*** SUPPLIED DATA ***

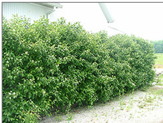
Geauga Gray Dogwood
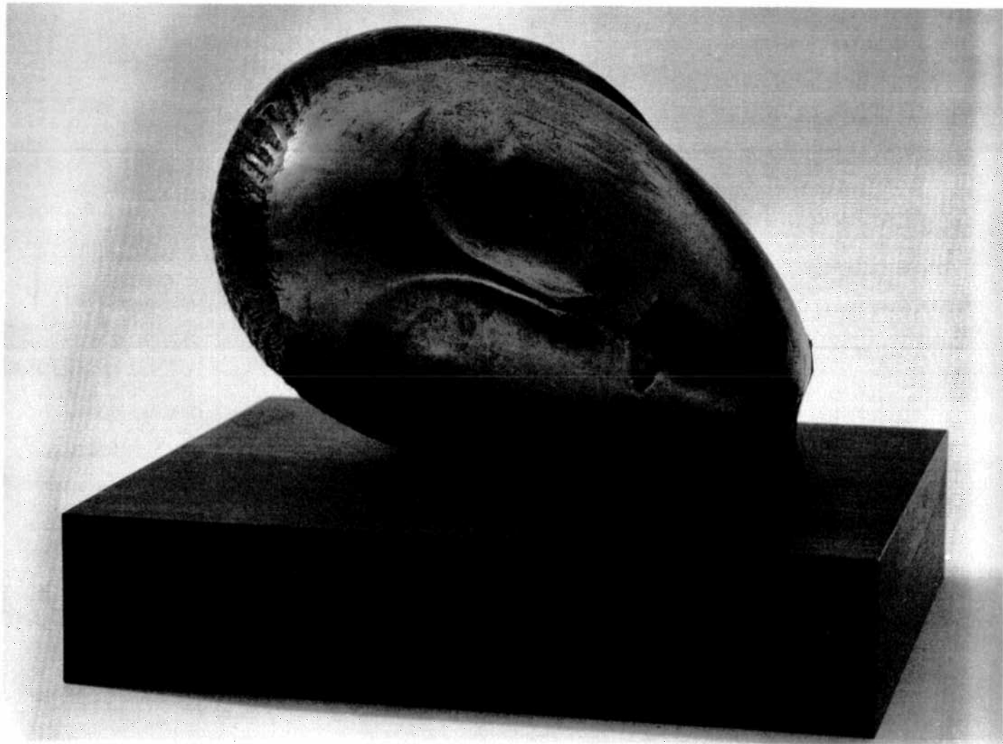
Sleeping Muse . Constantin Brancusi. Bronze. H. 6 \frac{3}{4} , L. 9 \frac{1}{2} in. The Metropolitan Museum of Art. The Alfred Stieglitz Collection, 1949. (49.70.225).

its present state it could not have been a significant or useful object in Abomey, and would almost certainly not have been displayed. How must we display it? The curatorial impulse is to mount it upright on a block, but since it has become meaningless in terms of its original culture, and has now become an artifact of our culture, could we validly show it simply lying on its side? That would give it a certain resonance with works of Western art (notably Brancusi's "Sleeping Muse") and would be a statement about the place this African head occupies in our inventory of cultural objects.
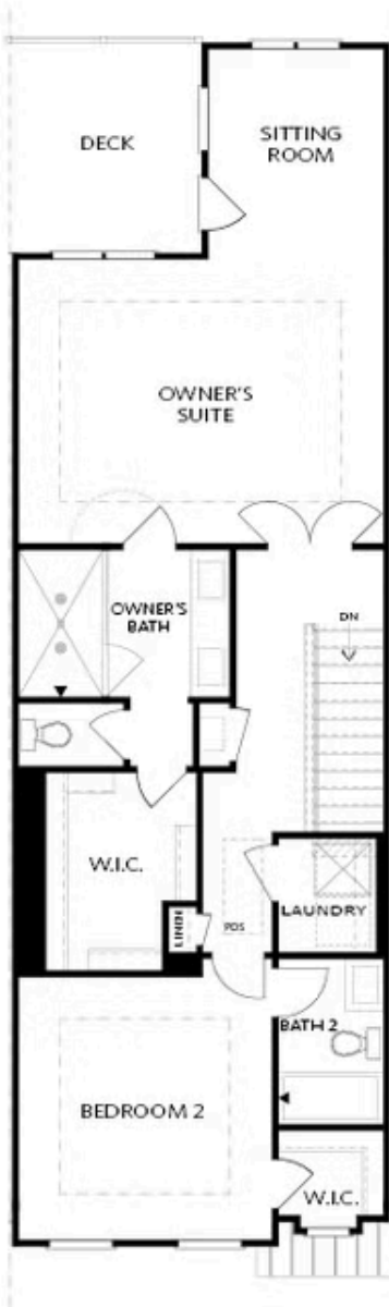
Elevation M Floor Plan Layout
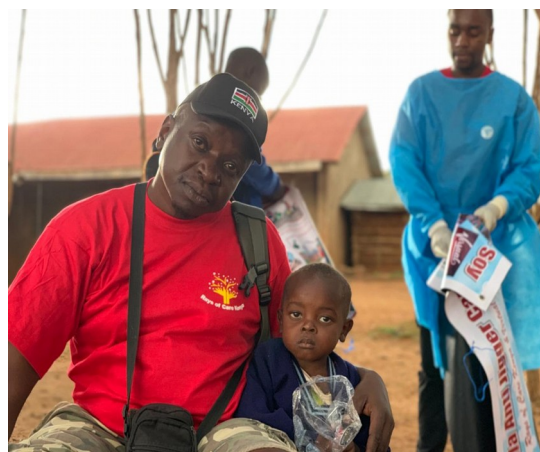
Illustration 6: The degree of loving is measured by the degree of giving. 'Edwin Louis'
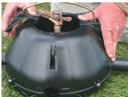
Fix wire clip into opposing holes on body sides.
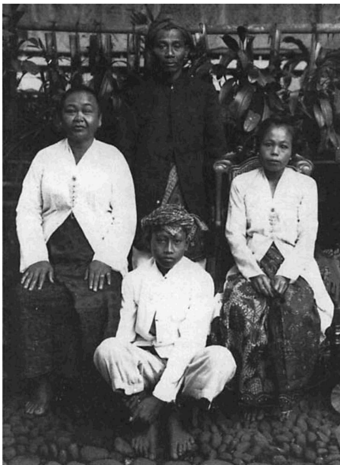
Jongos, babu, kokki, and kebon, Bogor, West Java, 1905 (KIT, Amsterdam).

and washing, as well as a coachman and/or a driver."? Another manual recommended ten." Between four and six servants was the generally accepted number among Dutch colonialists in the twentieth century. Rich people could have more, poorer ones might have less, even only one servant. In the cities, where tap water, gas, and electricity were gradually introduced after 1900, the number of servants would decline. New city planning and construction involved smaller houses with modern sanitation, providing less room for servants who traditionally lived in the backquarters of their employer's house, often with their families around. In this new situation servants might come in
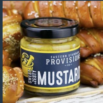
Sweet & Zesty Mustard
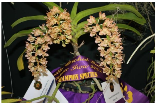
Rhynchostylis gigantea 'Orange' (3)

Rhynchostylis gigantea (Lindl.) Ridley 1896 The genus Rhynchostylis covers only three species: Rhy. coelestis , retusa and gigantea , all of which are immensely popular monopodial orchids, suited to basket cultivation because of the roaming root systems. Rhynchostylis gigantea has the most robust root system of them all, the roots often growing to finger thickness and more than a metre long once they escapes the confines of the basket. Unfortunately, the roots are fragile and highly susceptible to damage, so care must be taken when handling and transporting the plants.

***

_YOUR ASSIGNMENT_
Beginning with the line that contains "Illustration 6: The" and ending with the line that contains "Rhynchostylis gigantea 'Orange' (3)", reproduce the listing exactly, pictures excluded.

_RESULT_
Illustration 6: The degree of loving is measured by the degree of giving. 'Edwin Louis'
Fix wire clip into opposing holes on body sides.
Jongos, babu, kokki, and kebon, Bogor, West Java, 1905 (KIT, Amsterdam).

and washing, as well as a coachman and/or a driver."? Another manual recommended ten." Between four and six servants was the generally accepted number among Dutch colonialists in the twentieth century. Rich people could have more, poorer ones might have less, even only one servant. In the cities, where tap water, gas, and electricity were gradually introduced after 1900, the number of servants would decline. New city planning and construction involved smaller houses with modern sanitation, providing less room for servants who traditionally lived in the backquarters of their employer's house, often with their families around. In this new situation servants might come in
Sweet & Zesty Mustard
Rhynchostylis gigantea 'Orange' (3)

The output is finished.